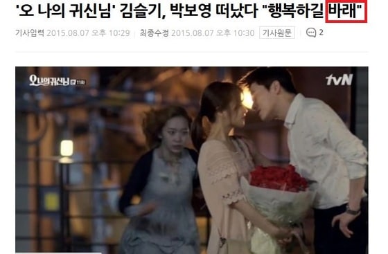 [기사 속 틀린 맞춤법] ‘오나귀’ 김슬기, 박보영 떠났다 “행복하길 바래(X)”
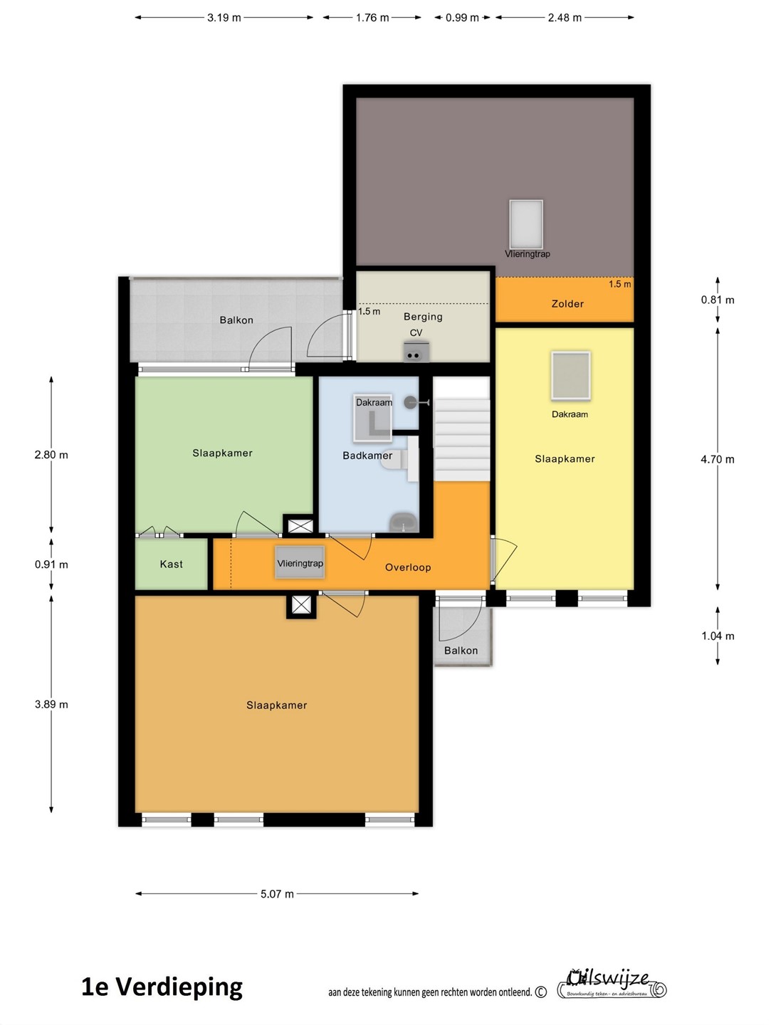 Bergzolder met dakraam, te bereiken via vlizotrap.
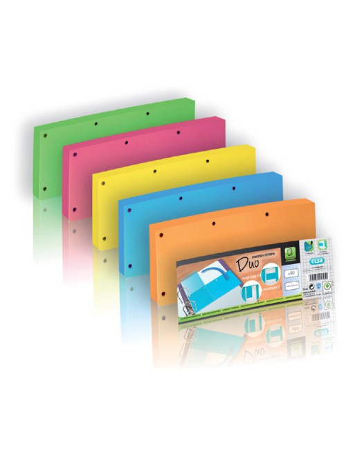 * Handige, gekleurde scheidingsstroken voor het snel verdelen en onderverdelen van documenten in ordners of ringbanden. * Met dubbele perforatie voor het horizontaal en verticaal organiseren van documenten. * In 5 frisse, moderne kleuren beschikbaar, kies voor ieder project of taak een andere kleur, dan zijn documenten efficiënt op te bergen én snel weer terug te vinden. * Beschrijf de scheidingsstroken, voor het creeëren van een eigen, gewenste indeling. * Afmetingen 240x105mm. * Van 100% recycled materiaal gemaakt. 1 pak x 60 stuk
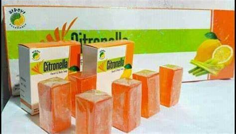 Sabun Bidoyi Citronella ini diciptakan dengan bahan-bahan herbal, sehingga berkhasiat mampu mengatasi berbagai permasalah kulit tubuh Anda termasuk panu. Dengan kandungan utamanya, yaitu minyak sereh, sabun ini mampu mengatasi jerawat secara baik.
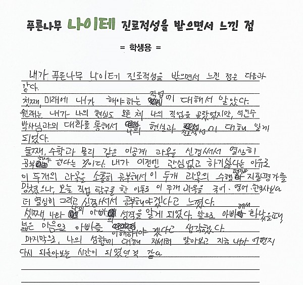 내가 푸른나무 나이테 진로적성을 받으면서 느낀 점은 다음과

**WHAT TO DO**
Find the line containing "Sabun Bidoyi Citronella" in the listing above. Restate it and every line after it, word for word, through the final line, leaving out the pictures.

**RESPONSE FOR THIS EXERCISE**
 Sabun Bidoyi Citronella ini diciptakan dengan bahan-bahan herbal, sehingga berkhasiat mampu mengatasi berbagai permasalah kulit tubuh Anda termasuk panu. Dengan kandungan utamanya, yaitu minyak sereh, sabun ini mampu mengatasi jerawat secara baik.
 내가 푸른나무 나이테 진로적성을 받으면서 느낀 점은 다음과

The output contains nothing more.